LES 8 DIAGRAMMES DE WU LANG

Titre: Eight Diagram Pole Fighter
ou: Invincible Pole Fighter
Réalisateur: Liu Chia-liang
Interprètes: Gordon Liu

 

Alexander Fu Sheng
Lily Li
Wang Yu
Hsiao Hou
Philip Ko
Liu Chia Liang
Année: 1984
Genre: Kung Fu
Pays: Hong Kong
Editeur Wild Side
Violence: * * * *
Erotisme: *
Suite:  

80 %

Résumé:

 

 

Critique:

Liu Chia-liang livre ici un classique barbare et violent du cinéma martial. Dès le départ, le ton désespéré est donné; un père et ses sept fils affrontent des dizaines d'adversaires et succombent dans le sang. Seuls deux des fils vont survivre (Fu Sheng et Gordon Liu). Déshonorée, la famille Yang se doit de se venger. Fu Sheng sombre dans la folie et c'est Gordon Liu qui va devoir combattre les infâmes traîtres. Fu Sheng est décédé durant le tournage, d'où ce recentrage de l'intrigue et ce curieux film hommage. Liu échoue dans un temple mais il ne peut devenir moine et va devoir montrer toute sa détermination et son courage, allant jusqu'à se raser la tête au sang avant de se marquer des trois points en utilisant des bâtons d'encens brûlants.

Vient alors la scène mémorable du combat à l'entraînement des moines contre des sculptures en bois représentant de féroces loups. Gordon Liu va utiliser et perfectionner sa technique du bâton pour triompher de l'épreuve.

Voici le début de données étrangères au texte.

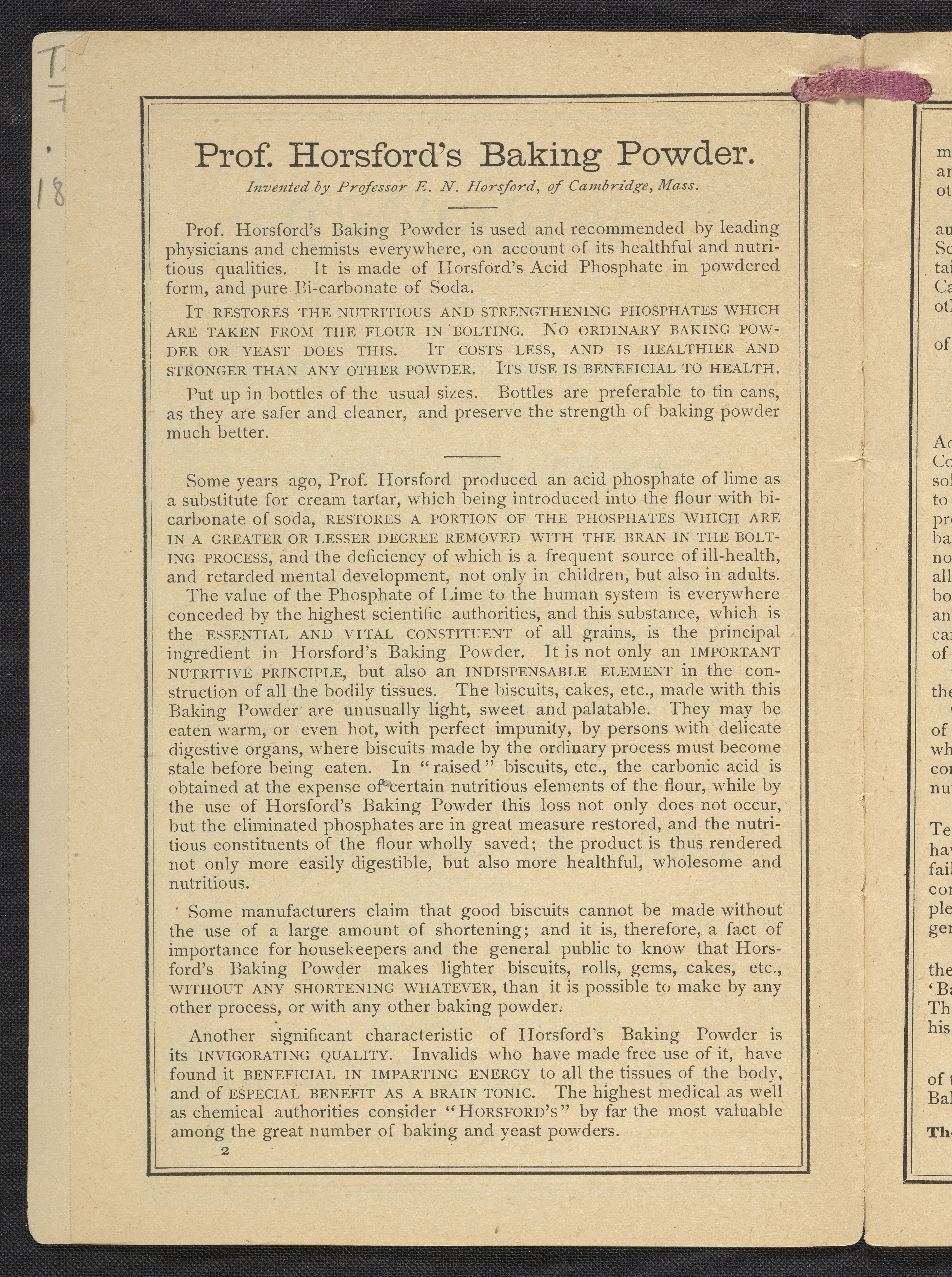 “The Horsford 1887 Almanac and Cook Book.” Providence, Rhode Island: Rumford Chemical Works, 1887. https://digital.sciencehistory.org/works/uqo4l02.

Malgré cette intermède, Liu ne peut trouver la voie de la paix intérieure et seule la vengeance pourra apaiser son esprit. Un final qui verse dans la violence pure, avec des effets gore certes un peu outrés mais néanmoins secouant: dents arrachées à coups de bâton ou plantées sur un crâne, corps brisés et ensanglantés par les coups, etc.

Alors que la plupart des oeuvres de Liu Chia-liang sont pures, dénuées de violences et orientées vers la comédie, l'optimisme et la philosophie apaisées (voir les sentences de Challenge of the Masters), ce métrage surprend. Peut-être influencé par la mort de son ami Fu Sheng, le cinéaste se lance dans un déchaînement de barbarie sanguinaire.

Tourné dans des décors de studios typiques, le métrage se permet quelques scènes dont l'aspect outré et théâtralisé à l'extrême passe assez mal. Mais ce ne sont que de menus défauts et l'ensemble enterre, par son énergie et sa puissance, la plupart des kung fu de la même époque. Les combats deviennent plus rapides, plus aériens et plus violents au fur et à mesure du métrage pour culminer sur un affrontement final totalement monstrueux qui demeure un des plus grands moments de toute l'histoire du cinéma martial.

Construit sur un scénario habile mais simple, traversé de combats extraordinaires et d'une violence bien réelle, Eight Diagram Pole Fighter constitue une grande réussite d'un grand cinéaste. Sanctionné par un échec commercial totalement injuste (mais prévisible en 1984, époque du triomphe de la comédie kung-fu lancée par Jackie Chan), il fut responsable de la chute définitive de la Shaw Brothers. Dont il reste pourtant, sans doute, le dernier chef d'oeuvre incontestable.